Segment Start: COLLECTED MATERIAL

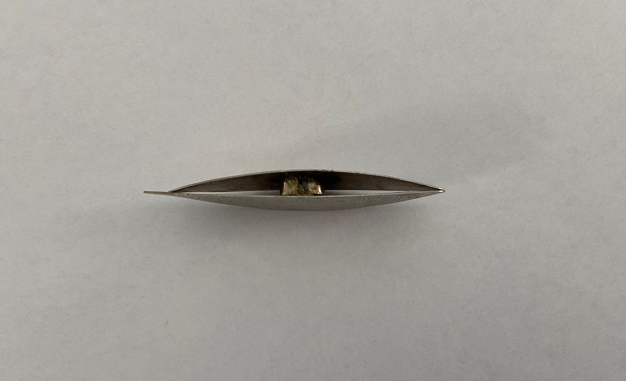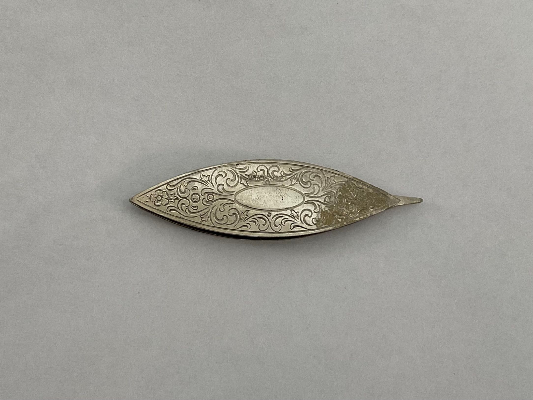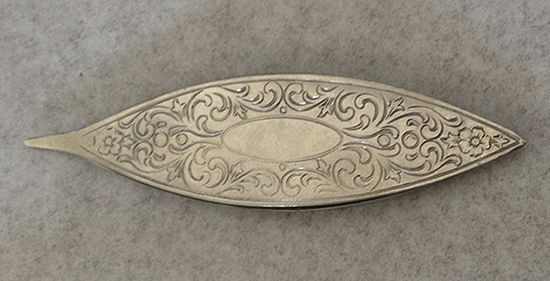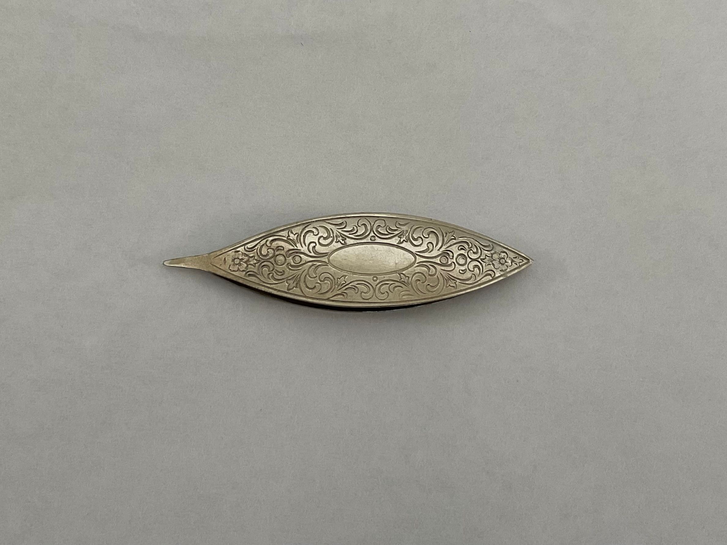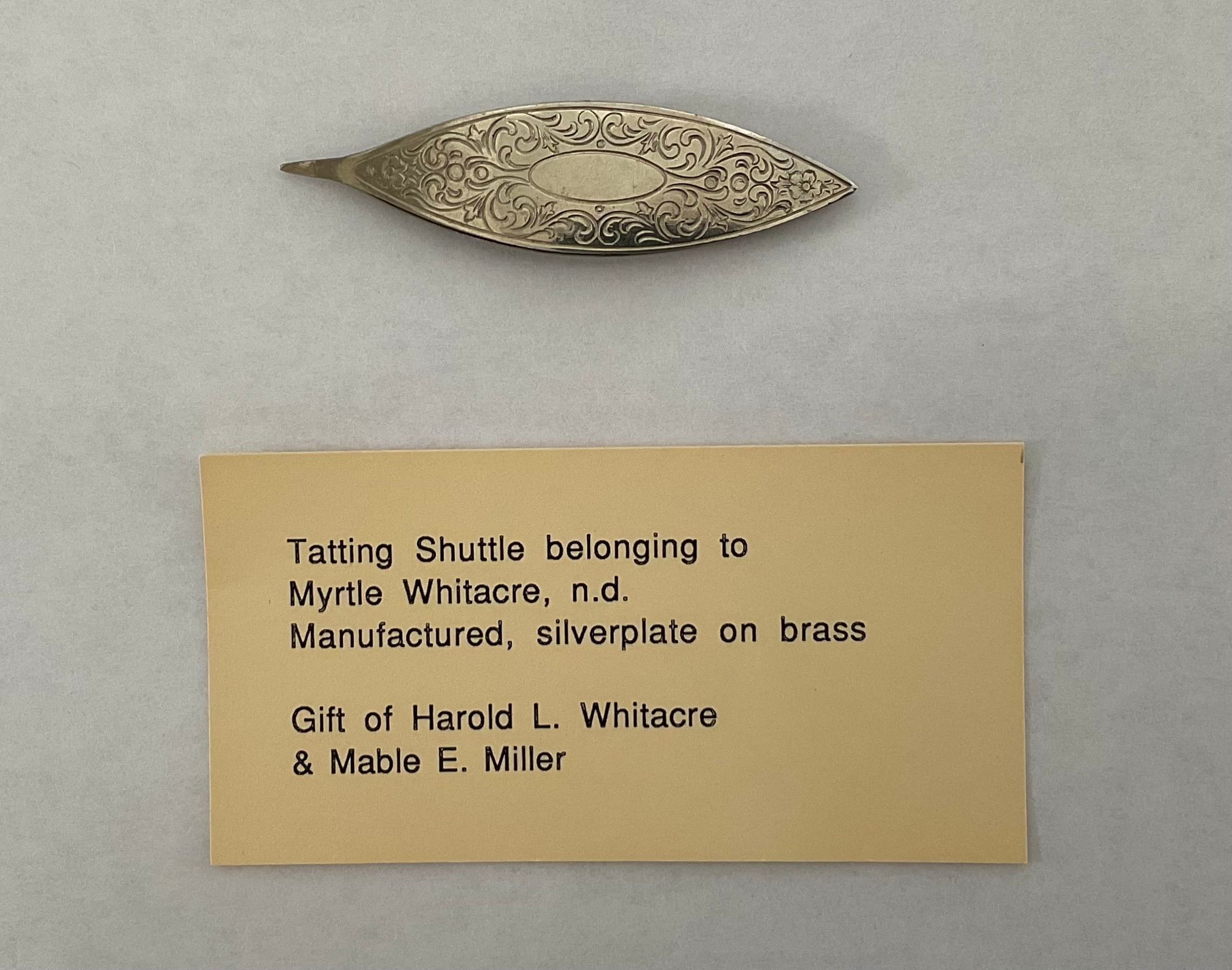 Decorative, manufactured tatting shuttle. Has a pick at one tip. Designs include flowers and leaves at near both tips. Scrolling, center oval, and circles also included. On verso, “GER SILVER” stamped.Collection
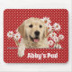 Niedlicher goldener Retriever mit weißen Gänsebläschen auf rot-weißem Polka-Punktmuster. Der Name kann bearbeitet oder gelöscht werden.
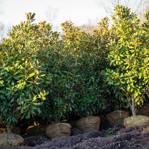 Magnolia grandiflora, native to the southeastern United States, is an iconic evergreen tree with glossy green leaves and large, creamy white, lemon-scented flowers. Cultivars like 'Bracken’s Brown Beauty', 'Little Gem', and 'Edith Bogue' offer improved cold hardiness and more compact habits, making them adaptable beyond their native range.
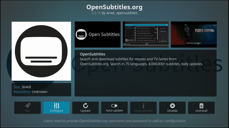 Method 1- Setup Subtitle on Kodi Using OpenSubtitles

Segment End: COLLECTED MATERIAL

DIRECTIONS
Give again exactly the lines from the one that contains "Niedlicher goldener Retriever" through the end of the material, both ends included, omitting the pictures.

ANSWER TO THE PROBLEM
 Niedlicher goldener Retriever mit weißen Gänsebläschen auf rot-weißem Polka-Punktmuster. Der Name kann bearbeitet oder gelöscht werden.
 Magnolia grandiflora, native to the southeastern United States, is an iconic evergreen tree with glossy green leaves and large, creamy white, lemon-scented flowers. Cultivars like 'Bracken’s Brown Beauty', 'Little Gem', and 'Edith Bogue' offer improved cold hardiness and more compact habits, making them adaptable beyond their native range.
 Method 1- Setup Subtitle on Kodi Using OpenSubtitles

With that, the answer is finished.